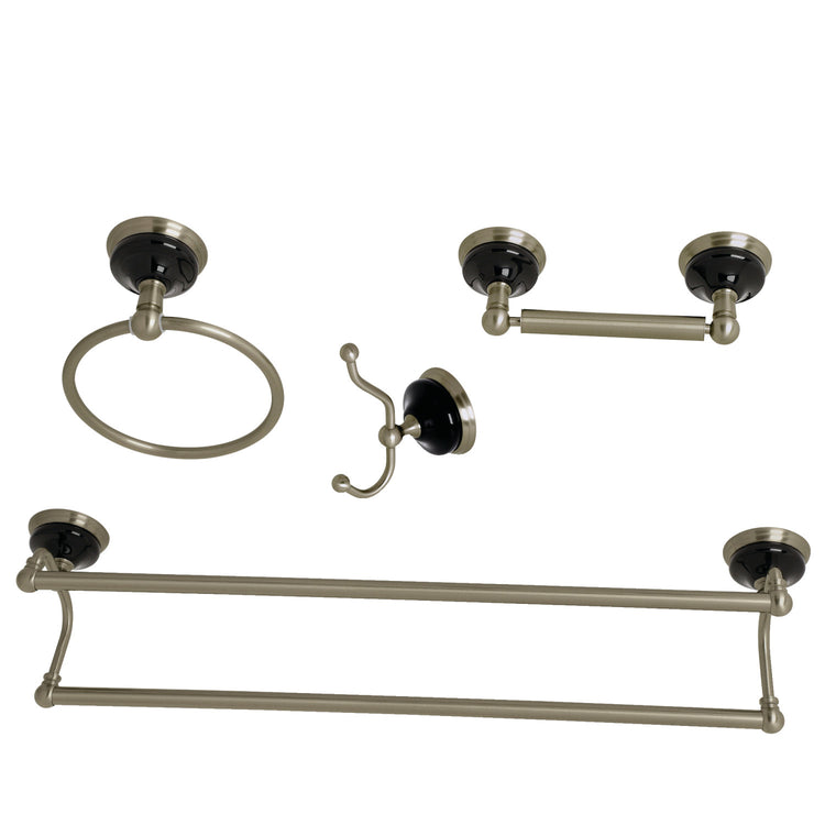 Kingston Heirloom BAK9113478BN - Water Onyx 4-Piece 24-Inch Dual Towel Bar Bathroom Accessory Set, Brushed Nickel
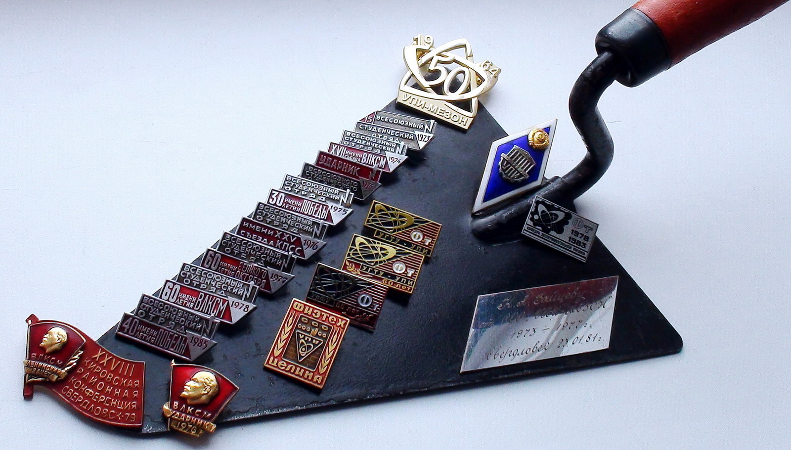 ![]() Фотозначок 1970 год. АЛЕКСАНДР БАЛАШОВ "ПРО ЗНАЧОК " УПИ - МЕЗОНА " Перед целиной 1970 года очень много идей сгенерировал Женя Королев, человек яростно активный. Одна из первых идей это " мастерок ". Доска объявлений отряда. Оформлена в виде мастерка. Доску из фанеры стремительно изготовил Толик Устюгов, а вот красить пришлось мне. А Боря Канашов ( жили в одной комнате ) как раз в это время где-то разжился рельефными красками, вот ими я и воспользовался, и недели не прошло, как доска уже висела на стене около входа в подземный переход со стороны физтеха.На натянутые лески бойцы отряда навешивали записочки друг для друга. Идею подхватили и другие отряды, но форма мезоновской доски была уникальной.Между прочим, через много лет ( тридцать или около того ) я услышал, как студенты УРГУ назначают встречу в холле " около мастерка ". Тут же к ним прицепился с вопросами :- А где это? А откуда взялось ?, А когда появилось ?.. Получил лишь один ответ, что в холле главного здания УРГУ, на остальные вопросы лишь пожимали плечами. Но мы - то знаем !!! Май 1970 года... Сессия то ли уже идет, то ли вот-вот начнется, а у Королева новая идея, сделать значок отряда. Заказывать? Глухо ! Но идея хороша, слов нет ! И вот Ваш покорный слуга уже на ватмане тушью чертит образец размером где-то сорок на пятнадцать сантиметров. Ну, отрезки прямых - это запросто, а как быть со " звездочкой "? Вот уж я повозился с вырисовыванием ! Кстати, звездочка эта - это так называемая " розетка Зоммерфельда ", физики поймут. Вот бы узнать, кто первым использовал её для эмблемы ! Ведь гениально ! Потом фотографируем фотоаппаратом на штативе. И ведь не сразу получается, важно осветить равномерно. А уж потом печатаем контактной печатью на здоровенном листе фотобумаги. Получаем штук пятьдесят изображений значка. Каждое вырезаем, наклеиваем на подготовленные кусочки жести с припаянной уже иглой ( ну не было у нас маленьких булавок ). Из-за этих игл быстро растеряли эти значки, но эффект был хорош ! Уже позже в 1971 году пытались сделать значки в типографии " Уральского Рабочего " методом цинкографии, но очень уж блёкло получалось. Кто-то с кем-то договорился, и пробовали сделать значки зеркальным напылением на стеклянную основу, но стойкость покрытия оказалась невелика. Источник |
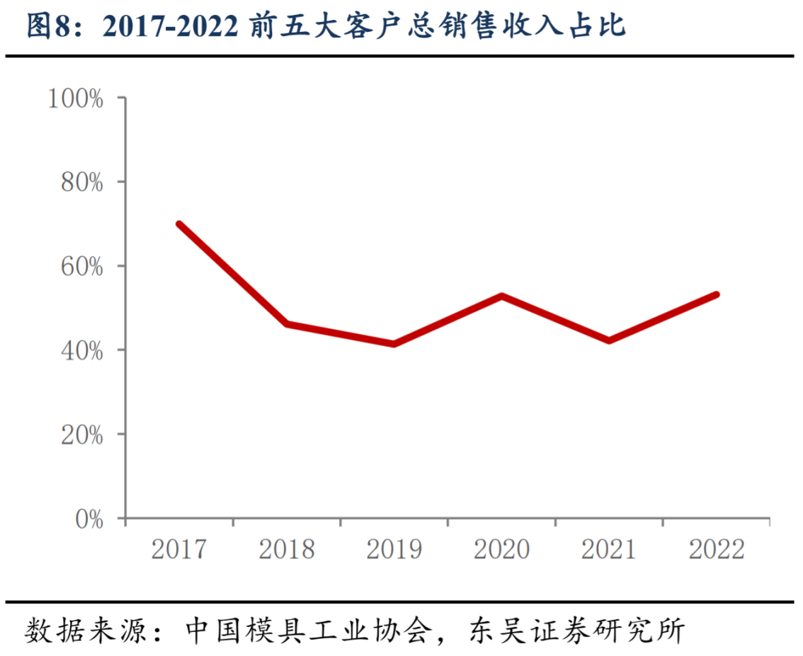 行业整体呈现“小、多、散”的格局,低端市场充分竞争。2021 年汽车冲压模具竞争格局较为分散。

================================

Any picture found in the data is to be skipped while the rest is copied exactly.

 Kingston Heirloom BAK9113478BN - Water Onyx 4-Piece 24-Inch Dual Towel Bar Bathroom Accessory Set, Brushed Nickel
 ![]() Фотозначок 1970 год. АЛЕКСАНДР БАЛАШОВ "ПРО ЗНАЧОК " УПИ - МЕЗОНА " Перед целиной 1970 года очень много идей сгенерировал Женя Королев, человек яростно активный. Одна из первых идей это " мастерок ". Доска объявлений отряда. Оформлена в виде мастерка. Доску из фанеры стремительно изготовил Толик Устюгов, а вот красить пришлось мне. А Боря Канашов ( жили в одной комнате ) как раз в это время где-то разжился рельефными красками, вот ими я и воспользовался, и недели не прошло, как доска уже висела на стене около входа в подземный переход со стороны физтеха.На натянутые лески бойцы отряда навешивали записочки друг для друга. Идею подхватили и другие отряды, но форма мезоновской доски была уникальной.Между прочим, через много лет ( тридцать или около того ) я услышал, как студенты УРГУ назначают встречу в холле " около мастерка ". Тут же к ним прицепился с вопросами :- А где это? А откуда взялось ?, А когда появилось ?.. Получил лишь один ответ, что в холле главного здания УРГУ, на остальные вопросы лишь пожимали плечами. Но мы - то знаем !!! Май 1970 года... Сессия то ли уже идет, то ли вот-вот начнется, а у Королева новая идея, сделать значок отряда. Заказывать? Глухо ! Но идея хороша, слов нет ! И вот Ваш покорный слуга уже на ватмане тушью чертит образец размером где-то сорок на пятнадцать сантиметров. Ну, отрезки прямых - это запросто, а как быть со " звездочкой "? Вот уж я повозился с вырисовыванием ! Кстати, звездочка эта - это так называемая " розетка Зоммерфельда ", физики поймут. Вот бы узнать, кто первым использовал её для эмблемы ! Ведь гениально ! Потом фотографируем фотоаппаратом на штативе. И ведь не сразу получается, важно осветить равномерно. А уж потом печатаем контактной печатью на здоровенном листе фотобумаги. Получаем штук пятьдесят изображений значка. Каждое вырезаем, наклеиваем на подготовленные кусочки жести с припаянной уже иглой ( ну не было у нас маленьких булавок ). Из-за этих игл быстро растеряли эти значки, но эффект был хорош ! Уже позже в 1971 году пытались сделать значки в типографии " Уральского Рабочего " методом цинкографии, но очень уж блёкло получалось. Кто-то с кем-то договорился, и пробовали сделать значки зеркальным напылением на стеклянную основу, но стойкость покрытия оказалась невелика. Источник |
 行业整体呈现“小、多、散”的格局,低端市场充分竞争。2021 年汽车冲压模具竞争格局较为分散。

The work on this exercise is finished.